Recently, the fuel oil of diesel engines of marine ships has been increasingly changed to heavy oil of low quality as the oil price is getting higher and higher. Therefore, the spiral gear attached at the motor of the oil purifier which plays an important role to purify the heavy oil is also easy to expose at severe environmental condition due to the purification of the heavy oil in higher temperature. Thus, the material of the spiral gear requires a better mechanical strength, wear and corrosion resistance. In this study, the heat treatment(tempering) with various holding time at temperature of $500^{\circ}C$ was carried out to the alloy of Cu-7Al-2.5Si as centrifugal casting, and the properties of both hardness and corrosion resistance with and without heat treatment were investigated with observation of the microstructure and with electrochemical methods, such as measurement of corrosion potential, cathodic and anodic polarization curves, cyclic voltammogram, and a.c. impedance. in natural seawater solution.
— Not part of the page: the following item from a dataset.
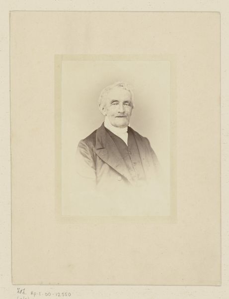 Curator: There's something intensely serene about this portrait. The subject gazes with a quiet wisdom, doesn’t he? Editor: He certainly projects that, and that comes through clearly even despite the photographic processes and conventions in play here. What we’re viewing is a photograph entitled “Portret van een man met baard”—"Portrait of a Man with a Beard"—dating from somewhere between 1850 and 1870. We know the photograph to be the work of Richard Boning. Curator: The paper’s tone really affects how we view it, doesn't it? All that gentle fading... it makes me wonder, what was his life actually like? A man of such calm... Editor: Yes, it’s the very materiality of it, the aged and toned paper as we find it now, that triggers that historical curiosity, doesn't it? Back then, photography was becoming a middle-class status symbol—a new way to document oneself for posterity. How were such images viewed at the time versus now? What did it mean to display or keep an image such as this? Curator: Exactly! I see something archetypal about him too—the wise elder. That long beard functions almost as a symbol itself, representing experience and a certain dignified gravitas. It adds layers of meaning. Editor: Indeed. We must remember that even portraits designed for the average person are shaped and mediated by various forces. Studio practices, societal expectations around posing and attire all played their roles. Photography might seem like an objective mirror, but even here in a piece of realistic presentation, we see layers of choices, of visual culture at work. Curator: The fact that he agreed to be depicted in this way is a conscious decision and this realism that we now know from photography was in that time still pretty recent and new to people, so there has been though to it, not just for him as the portrayed subject but for the artist also. I find that intriguing to see so much character portrayed. I keep looking to see what other stories are written on his face, perhaps. Editor: Well said. And through these subtle visual cues and material contexts, a humble portrait expands into a study of shifting social values and personal ambition—reflected both in his time and ours. Curator: Perhaps, art invites us into just these kinds of ongoing conversations, and what more for an object from so long ago? Editor: Precisely, providing a way to understand what values remain but also those that changed so radically!

The ${\alpha}$, ${\beta}^{\prime}$ and ${\gamma}_2$ phases were observed in the material in spite of no heat treatment due to quenching effect of a spin mold. However, their phases, that is, ${\beta}^{\prime}$ and ${\gamma}_2$ phases decreased gradually with increasing the holding time at a constant temperature of $500^{\circ}C$. The hardness more or less decreased with heat treatment, however its corrosion resistance was improved with the heat treatment. Furthermore, the longer holding time, the better corrosion resistance. In addition, when the holding time was 48hrs, its corrosion current density showed the lowest value. The pattern of corroded surface was nearly similar to that of the pitting corrosion, and this morphology was greatly observed in the case of no heat treatment. It is considered that ${\gamma}_2$ phase at the grain boundary was corroded preferentially as an anode. However, the pattern of general corrosion exhibited increasingly due to decreasing the ${\gamma}_2$ phase with heat treatment. Consequently, it is suggested that the corrosion resistance of Cu-7Al-2.5Si alloy can be improved with the heat treatment as a holding time for 48 hrs at $500^{\circ}C$.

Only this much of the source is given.